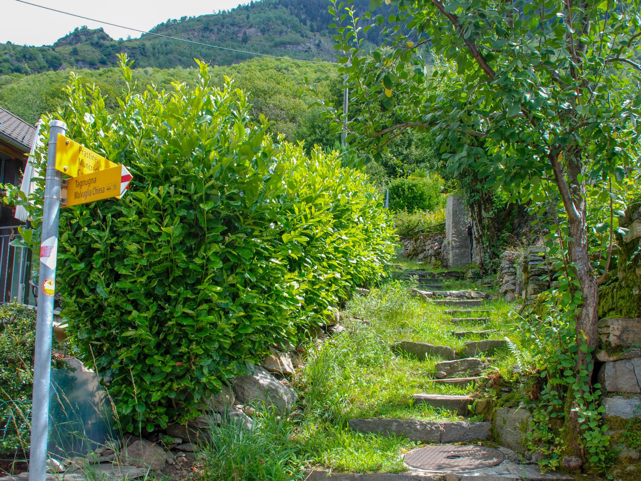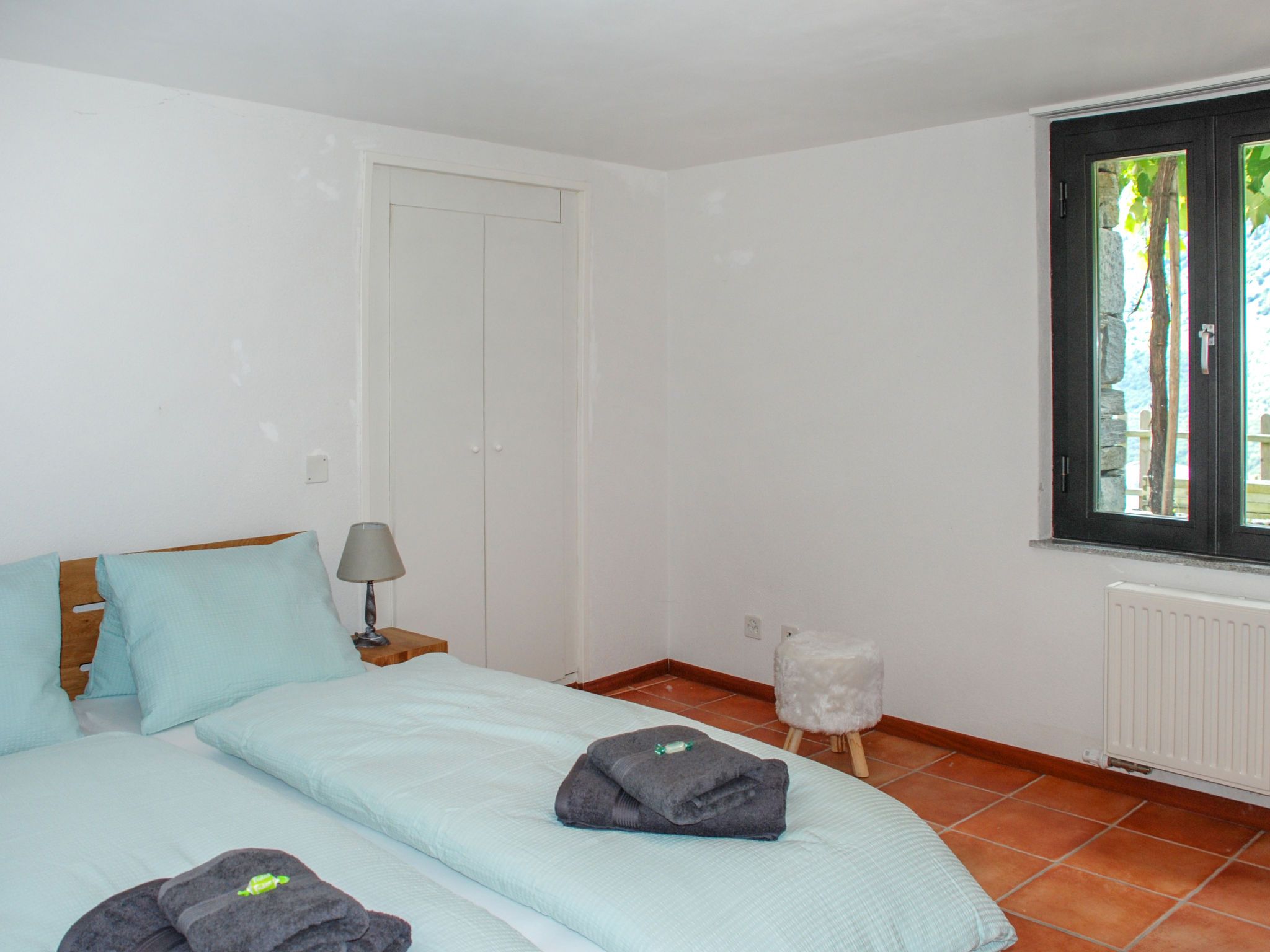 Rustico Ca' di Garoi, 3-Zimmer-Haus 75 m2 auf 3 Stockwerken. Geräumig und hell, teilweise abgeschrägt, komfortabel und gemütlich eingerichtet: grosse, offene Küche (Backofen, Geschirrspüler, 4 Glaskeramikplatten, elektrische Kaffeemaschine, Kapseln für die Kaffeemaschine (NESPRESSO) extra, Racletteofen, Fondue Set (Käse)) mit Esstisch und Holzofen. Ausgang zur Terrasse. Dusche/WC. Ölheizung. Unteres Geschoss: 1 Doppelzimmer mit 1 Doppelbett (160 cm, Länge 200 cm). Obergeschoss: abgeschrägtes, offenes Wohn-/Schlafzimmer mit 1 Diwanbett (140 cm, Länge 200 cm), Sat-TV und Flachbildschirm. Kleine Terrasse teilweise überdacht. Terrassenmöbel, Gartengrill (mobil). Panoramasicht auf die Berge, das Tal, die Landschaft und die Ortschaft. Zur Verfügung: Waschmaschine, Kinderhochstuhl, Babybett bis 2 Jahre (extra), Haartrockner. Internet (WLAN, gratis). Bitte beachten: Nichtraucher-Haus. Maximal 1 Haustier/Hund erlaubt. NL-
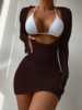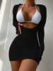 3 Pieces Thong Bikini 2025 Women With Cover Up String Swimwear Female Solid Swimsuit Beach Wear Bathing Swimming Suit Summer
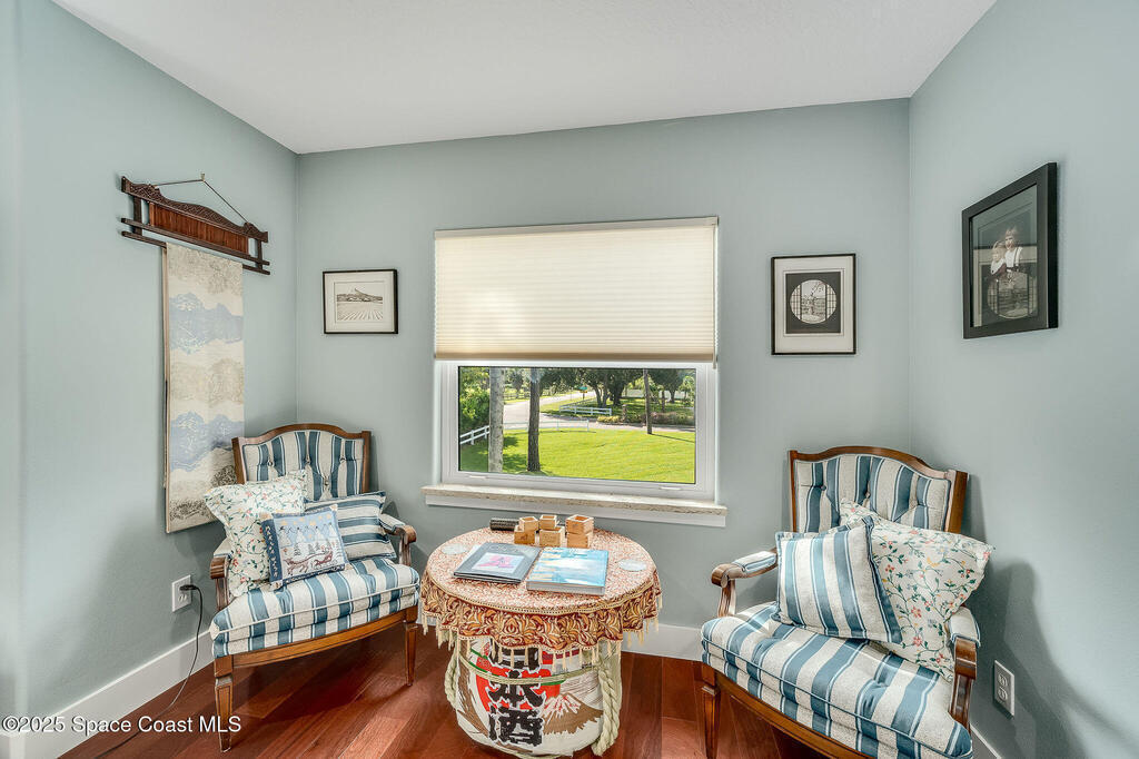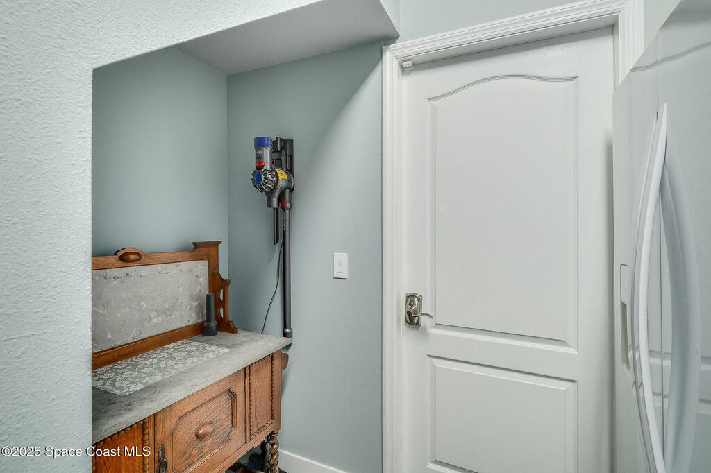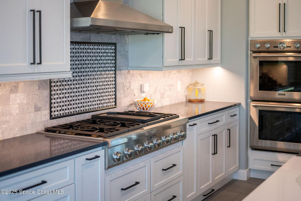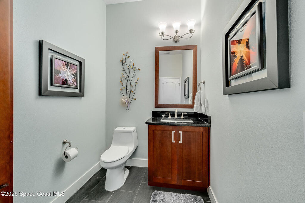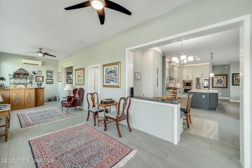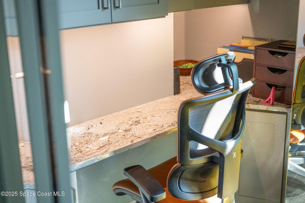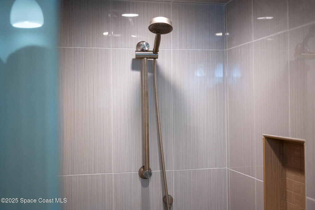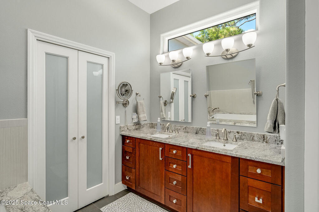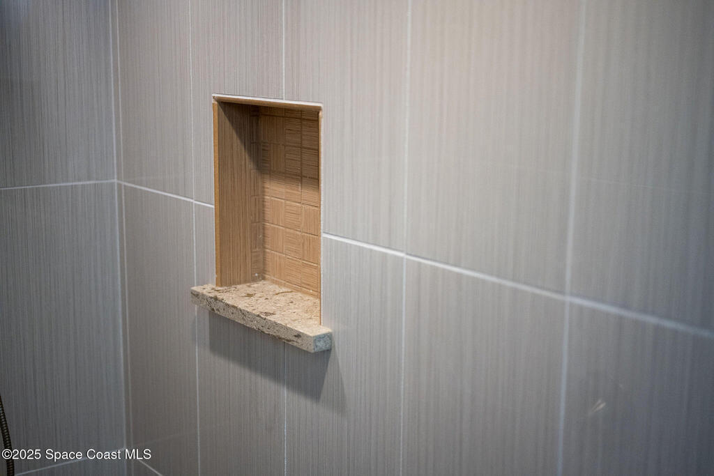 Discover refined lakefront living on 1.28 acres in The Trails, one of North Merritt Island's most sought-after communities. This 5-bedroom, 3.5-bath residence was fully remodeled in 2017 and offers luxury finishes, modern systems, and exceptional craftsmanship throughout. The interior showcases porcelain tile flooring in main areas, hardwood upstairs, and a chef's kitchen with StarMark soft-close cabinetry, glass-front uppers, under-cabinet lighting, and a full suite of Thermador appliances including double wall ovens, six-burner gas range, and dishwasher, plus a stainless French-door refrigerator and Sharp microwave drawer. Spa-inspired bathrooms feature frameless zero-threshold showers and granite or quartz counters. Additional highlights include a custom office with built-ins, an enclosed Florida room with mini-split A/C, Ecobee Smart Thermostat, tankless propane water heater, and newer Trane HVAC. The property features a 2-car attached garage and a 2022 constructed 2-bay RV
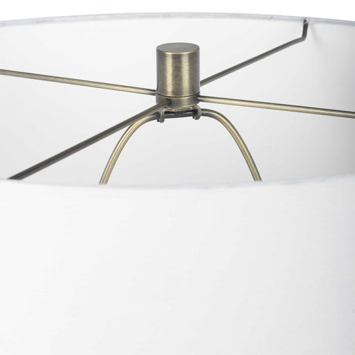 UttermostThe Architect Table Lamp Showcases A Towering Build Of Ceramic Components In An Ivory Gloss Glaze Complemented By Antique Brushed Brass Plated Iron...
* * * * * * * * *
| What you should do |
Starting at the first line of the listing above, write out each line exactly and nothing else until you reach the line containing "3 Pieces Thong", which is included as well; omit all pictures.

| Task response |
 Rustico Ca' di Garoi, 3-Zimmer-Haus 75 m2 auf 3 Stockwerken. Geräumig und hell, teilweise abgeschrägt, komfortabel und gemütlich eingerichtet: grosse, offene Küche (Backofen, Geschirrspüler, 4 Glaskeramikplatten, elektrische Kaffeemaschine, Kapseln für die Kaffeemaschine (NESPRESSO) extra, Racletteofen, Fondue Set (Käse)) mit Esstisch und Holzofen. Ausgang zur Terrasse. Dusche/WC. Ölheizung. Unteres Geschoss: 1 Doppelzimmer mit 1 Doppelbett (160 cm, Länge 200 cm). Obergeschoss: abgeschrägtes, offenes Wohn-/Schlafzimmer mit 1 Diwanbett (140 cm, Länge 200 cm), Sat-TV und Flachbildschirm. Kleine Terrasse teilweise überdacht. Terrassenmöbel, Gartengrill (mobil). Panoramasicht auf die Berge, das Tal, die Landschaft und die Ortschaft. Zur Verfügung: Waschmaschine, Kinderhochstuhl, Babybett bis 2 Jahre (extra), Haartrockner. Internet (WLAN, gratis). Bitte beachten: Nichtraucher-Haus. Maximal 1 Haustier/Hund erlaubt. NL-
 3 Pieces Thong Bikini 2025 Women With Cover Up String Swimwear Female Solid Swimsuit Beach Wear Bathing Swimming Suit Summer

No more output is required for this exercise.